WORK TO COMPLETE —
Write out only the lines from the top of the listing below through the one with "Konferenční stolek se", exactly as they stand, while keeping pictures out of the copy.

DATA SHOWN —
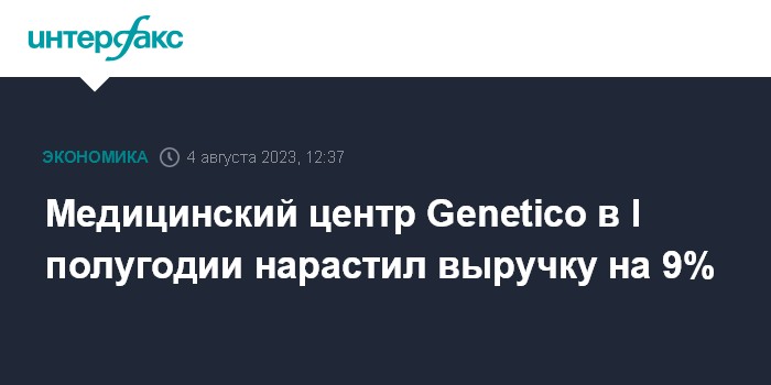 Медицинский центр Genetico в I полугодии нарастил выручку на 9%
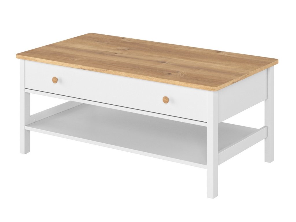 Konferenční stolek se zásuvkou. Tento elegantní nábytek dodá romantickou atmosféru pokojíčku malé princezny i větší slečny. Stolek je vyroben z desky LTD v kombinaci s MDF v barvě bílé s doplňkovou barvou dub Nash ( 22 mm ). Stolek má v horní části zásuvku. Úchyty jsou plastové v barvě dub nash. Dodáváme v demontovaném stavu.Additional parameters
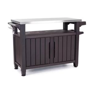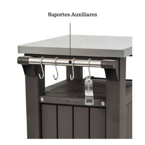 Os móveis de churrasqueira são úteis e ideais para eventos ao ar livre, inclusive aquele churrasco na praia ou na beira da piscina. Cozinhar e organizar seu churrasco vai ser muito mais fácil com esta pequena estação de servir. A bancada buffet Keter é feita de resina resistente às intempéries e possui uma superfície superior durável que resiste a todos os tipos de tarefas de cozinha. Este móvel facilita o trabalho de cozinhar ao ar livre, pois é fácil de movimentar e guardar. O pequeno armários tem capacidade de armazenamento de 207L, para acomodar louças, utensílios e artigos culinários. A mobilidade é facilitadas por rodinhas, facilitando seu transporte.

OUTPUT —
 Медицинский центр Genetico в I полугодии нарастил выручку на 9%
 Konferenční stolek se zásuvkou. Tento elegantní nábytek dodá romantickou atmosféru pokojíčku malé princezny i větší slečny. Stolek je vyroben z desky LTD v kombinaci s MDF v barvě bílé s doplňkovou barvou dub Nash ( 22 mm ). Stolek má v horní části zásuvku. Úchyty jsou plastové v barvě dub nash. Dodáváme v demontovaném stavu.Additional parameters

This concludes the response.